(Stored items from a collection)
•••••

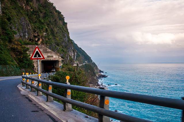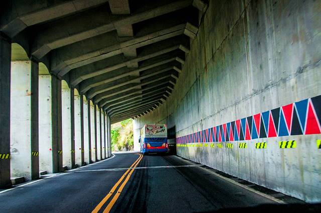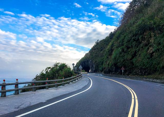 趁着没有来往车辆,站在路中间回身拍一张象鼻子隧道。整体来说苏花公路上的车辆不算太多,如果没有大货车的话,可以开的很悠闲。
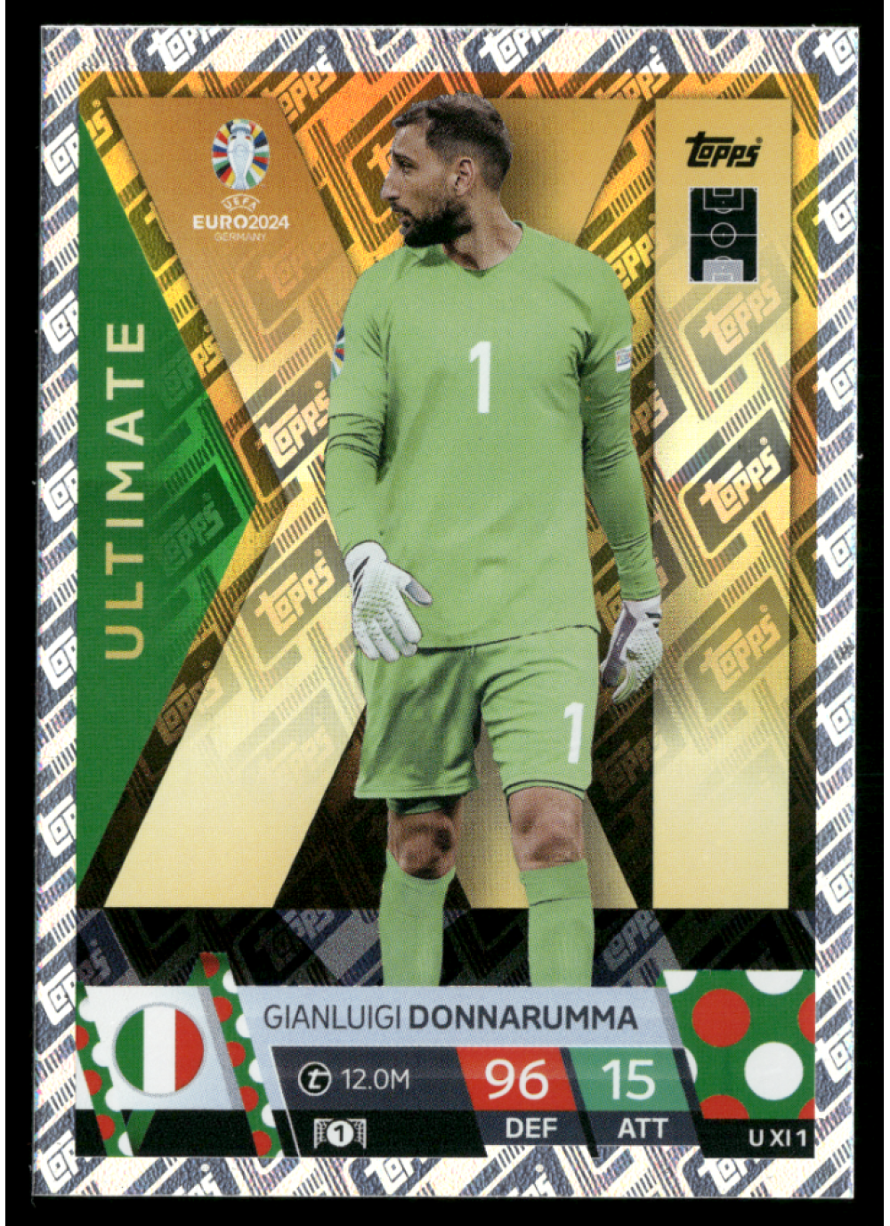 Kartička Topps Match Attax UEFA EURO 2024, #uxi1, představuje jednoho z nejlepších brankářů současnosti, Gianluigi Donnarummu. Tato kartička je součástí sběratelské edice, která zachycuje klíčové hráče a momenty z mistrovství Evropy 2024.
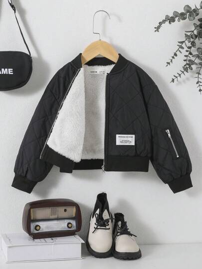 SHEIN 女孩休閒棒球領中厚短夾克,梭織布料 - 黑色 - 查看 1
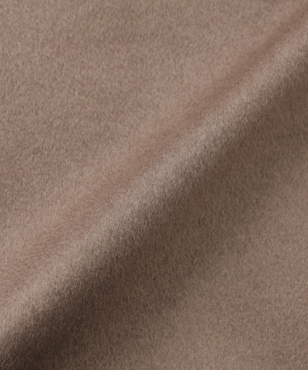 素材はイタリアの高級服地メーカー「COLOMBO」の最高級ピュアカシミヤ(100%カシミヤ)を使用。毛足が長く高級感のある素材です。カシミヤならではの上質な光沢感と滑らかな肌触りが特徴です。
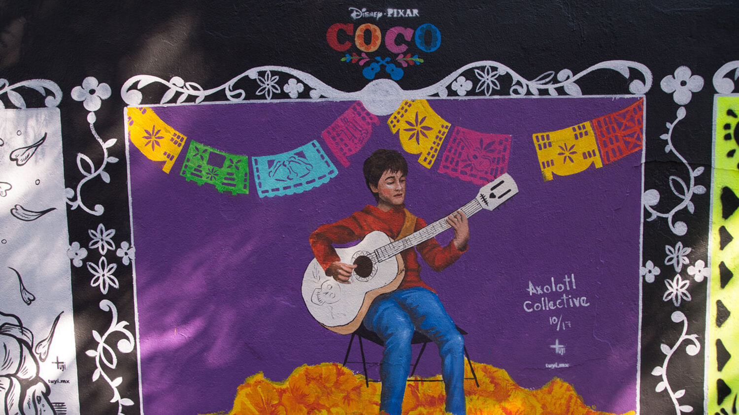 Sin dejar el humor que caracteriza a los mexicanos, los 30 murales realizados por artistas convocados por el Colectivo TUYI incorporan divertidas escenas de la película, en las que el pequeño Miguel acompañado de su inseparable amigo Dante, se aventuran en perseguir su corazonada y pasión por la música hasta encontrarse en el mundo de los difuntos, en donde descubren la alegría que los acompaña tras la muerte.

•••••

> Task: Print exactly the lines above that run from the one with "SHEIN 女孩休閒棒球領中厚短夾克,梭織布料 - 黑色 - 查看 1" to the one with "素材はイタリアの高級服地メー", both included. No pictures.

> Result of the task:
 SHEIN 女孩休閒棒球領中厚短夾克,梭織布料 - 黑色 - 查看 1
 素材はイタリアの高級服地メーカー「COLOMBO」の最高級ピュアカシミヤ(100%カシミヤ)を使用。毛足が長く高級感のある素材です。カシミヤならではの上質な光沢感と滑らかな肌触りが特徴です。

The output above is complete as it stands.